Dermatomyositis and Polymyositis⁵⁴

• 1. Symmetric weakness of proximal muscles with or without dysphagia or respiratory muscle involvement.

• 2. Characteristic histopathologic findings on skeletal muscle biopsy sample

• 3. Elevation of skeletal muscle enzymes: creatine kinase, aldolase, alanine aminotransferase, aspartate aminotransferase, lactate dehydrogenase

• 4. Characteristic findings on electromyography

• 5. Dermatologic features, including

• a. Heliotrope discoloration of the eyelids with periorbital edema

• b. Scaly, erythematous dermatitis over the dorsa of hands, especially metacarpophalangeal and proximal interphalangeal joints

• c. Involvement of the knees, elbows, medial malleoli, face, neck, and upper torso

Primary Sjögren Syndrome⁶⁵

• • Any four of six criteria, provided that either histopathology (#4) or autoantibodies (#6) is positive

• • Any three of the following four objective criteria: ocular signs (#3), histopathology (#4), salivary gland involvement (#5), autoantibodies (#6)

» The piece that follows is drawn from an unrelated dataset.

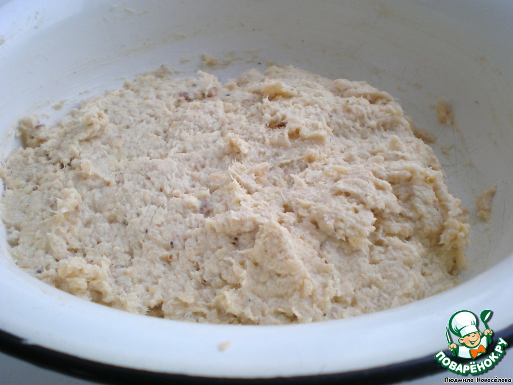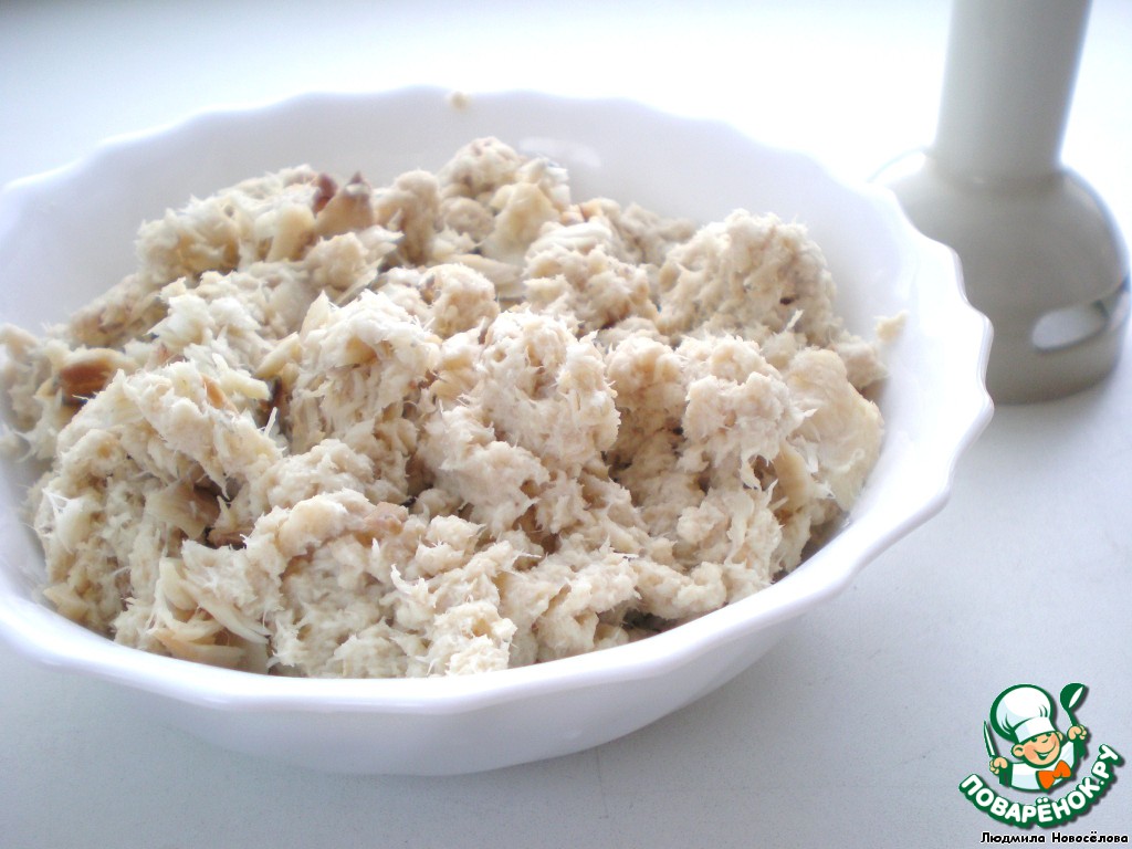 Рыбное пюре растерли с мягким сливочным маслом, тертым сыром, горчицей, перцем.

• 1. Ocular symptoms: at least one

• a. Daily persistent, dry eyes > 3 months

• b. Recurrent sensation of sand or gravel in the eyes

• c. Use of tear substitutes > tid

• 2. Oral symptoms: at least one

• a. Daily feeling of dry mouth > 3 months

• b. Recurrent or persistently swollen salivary glands

• c. Frequent consumption of liquid to swallow dry food

• 3. Ocular signs: at least one

• a. Positive Schirmer test

• b. Rose bengal score or other ocular dye score ≥ 4

• 4. Histopathology

• a. Salivary gland biopsy specimen demonstrating focal lymphocytic sialadenitis

• 5. Salivary gland involvement: at least one

• a. Decreased salivary flow

• b. Parotid sialography demonstrating diffuse sialectasias

• c. Abnormal salivary scintigraphy

• 6. Autoantibodies

• a. Antibodies to Ro (Sjögren syndrome antigen A), La (Sjögren syndrome antigen B), or both

Appendix Table 1.

—Autoimmune-Featured Interstitial Lung Disease—At Least One Symptom/Sign and at Least One Abnormal Serologic Test⁷⁷

Symptom/Sign	Serologic Test
Weight loss	Antinuclear antibody titer ≥ 1:160
Dry eyes/dry mouth	Antidouble-stranded DNA
Oral ulcers	Anti-ribonucleoprotein antibody
Dysphagia	Anti-Smith antibody
Gastroesophageal reflux	Anti-Scl-70
Hand ulcers	Anti-Ro antibody (anti-SSA)
Raynaud phenomenon	Anti-La antibody (anti-SSB)
Leg/foot swelling	Rheumatoid factor
Joint pain/swelling	Anticyclic citrullinated peptide antibody (aCCP)
Morning stiffness	Anti-Jo-1 antibody
Rash	Antineutrophil cytoplasmic antibody
Proximal muscle weakness	CK
Photosensitivity	Aldolase

At least one symptom/sign and at least one abnormal serologic test. aCCP = anticyclic citrullinated peptide antibody; CK = creatine kinase anti-Jo-1 = antihistidyl transfer RNA synthetase; anti-Scl-70 = autoantibodies targeted against type I topoisomerase; SSA = Sjögren syndrome antigen A; SSB = Sjögren syndrome antigen B.